▶ _RECORDS FOR PROCESSING_
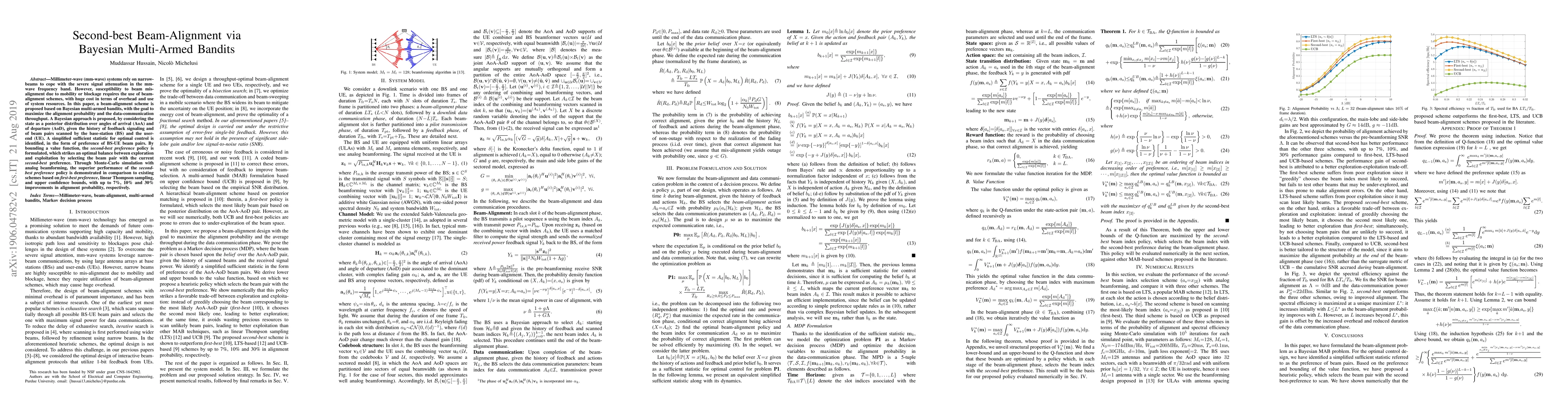 This paper proposes a beam-alignment scheme for millimeter-wave systems using Bayesian multi-armed bandits to maximize alignment probability and throughput. The approach selects beam pairs based on a second-best preference policy, demonstrating superior performance over existing methods with up to 30% improvement in alignment probability.
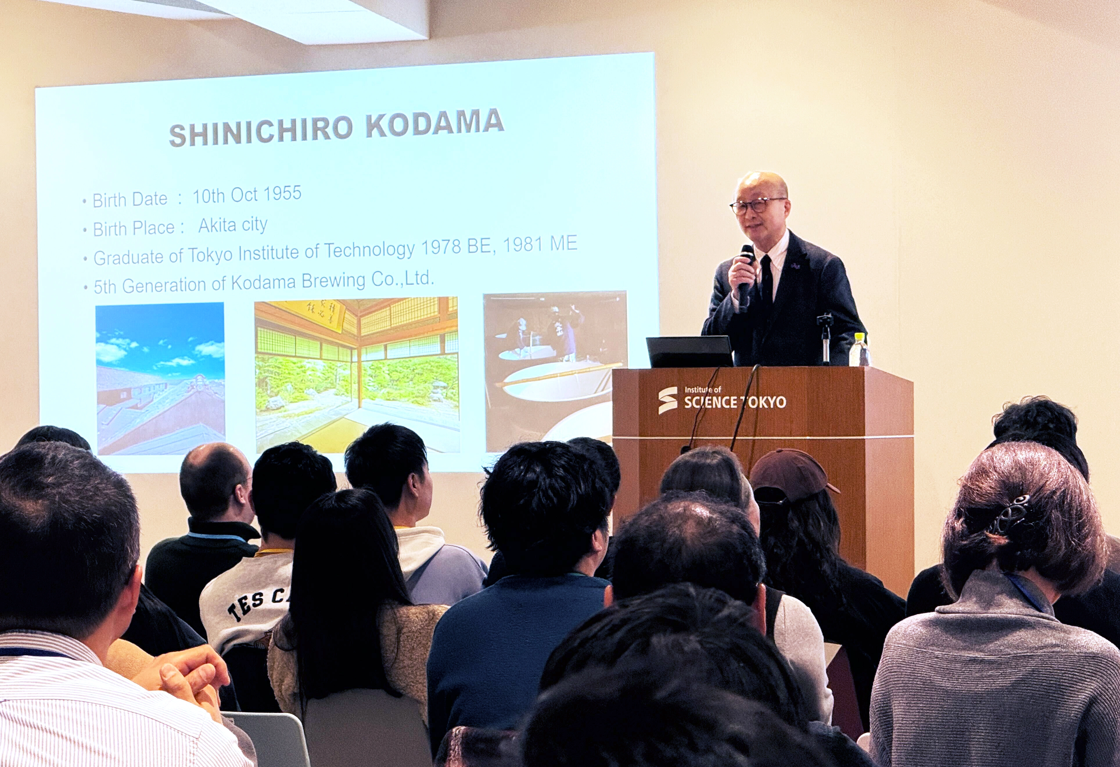 The event featured Mr. Shinichiro Kodama of Kodama Brewing Co., Ltd. (Akita Prefecture), who is also an alumnus of the university. He delivered a lecture in English titled "SAKE BREWING FOCUSING ON YEAST." Mr. Kodama introduced the history of the brewery and the sake-making process through slides and videos, followed by an explanation of three major discoveries regarding yeast: non-foaming yeast, cerulenin-resistant yeast, and urea-free yeast. He highlighted specific applications for international export, flavor enhancement, and safety improvements, which drew significant interest from the audience.
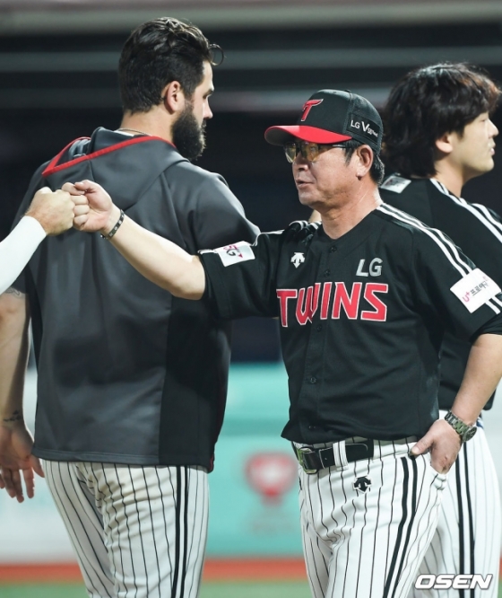 경기 후 류중일 감독은 "선발 임찬규가 호투를 했고, 어려운 상황에서 등판한 김대현이 잘 막아줬다. 고우석도 경기를 잘 마무리했다. 타선에서는 페게로의 추가 2타점이 주효했다"고 말했다.
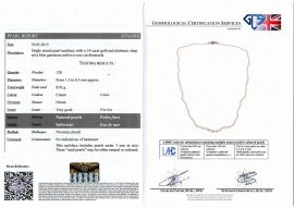 realizzata ad un filo di perle naturali con fermatura traforata centrata da uno zaffiro sintetico ovale e rose di diamante, corredata di certificato GCS n. 5775-1974 datato 19/05/2015
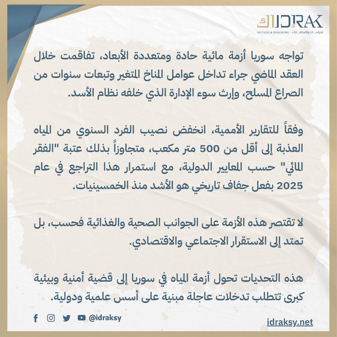 تواجه سوريا أزمة مائية حادة ومتعددة الأبعاد، تفاقمت خلال العقد الماضي جراء تداخل عوامل المناخ المتغير، النزاع المسلح المدمر، وسوء الإدارة المزمن للموارد. وفقاً لتقارير حديثة، انخفض نصيب الفرد السنوي من المياه العذبة إلى أقل من 500 متر مكعب، متجاوزاً بذلك عتبة “الفقر المائي” حسب المعايير الدولية، مع استمرار هذا التراجع في عام 2025 بفعل جفاف تاريخي هو الأشد منذ الخمسينيات.

▶ _THE PROBLEM_
Word for word, restate the lines from the one containing "realizzata ad un" through the end of the listing, and nothing more. Skip the pictures.

▶ _REPLY_
 realizzata ad un filo di perle naturali con fermatura traforata centrata da uno zaffiro sintetico ovale e rose di diamante, corredata di certificato GCS n. 5775-1974 datato 19/05/2015
 تواجه سوريا أزمة مائية حادة ومتعددة الأبعاد، تفاقمت خلال العقد الماضي جراء تداخل عوامل المناخ المتغير، النزاع المسلح المدمر، وسوء الإدارة المزمن للموارد. وفقاً لتقارير حديثة، انخفض نصيب الفرد السنوي من المياه العذبة إلى أقل من 500 متر مكعب، متجاوزاً بذلك عتبة “الفقر المائي” حسب المعايير الدولية، مع استمرار هذا التراجع في عام 2025 بفعل جفاف تاريخي هو الأشد منذ الخمسينيات.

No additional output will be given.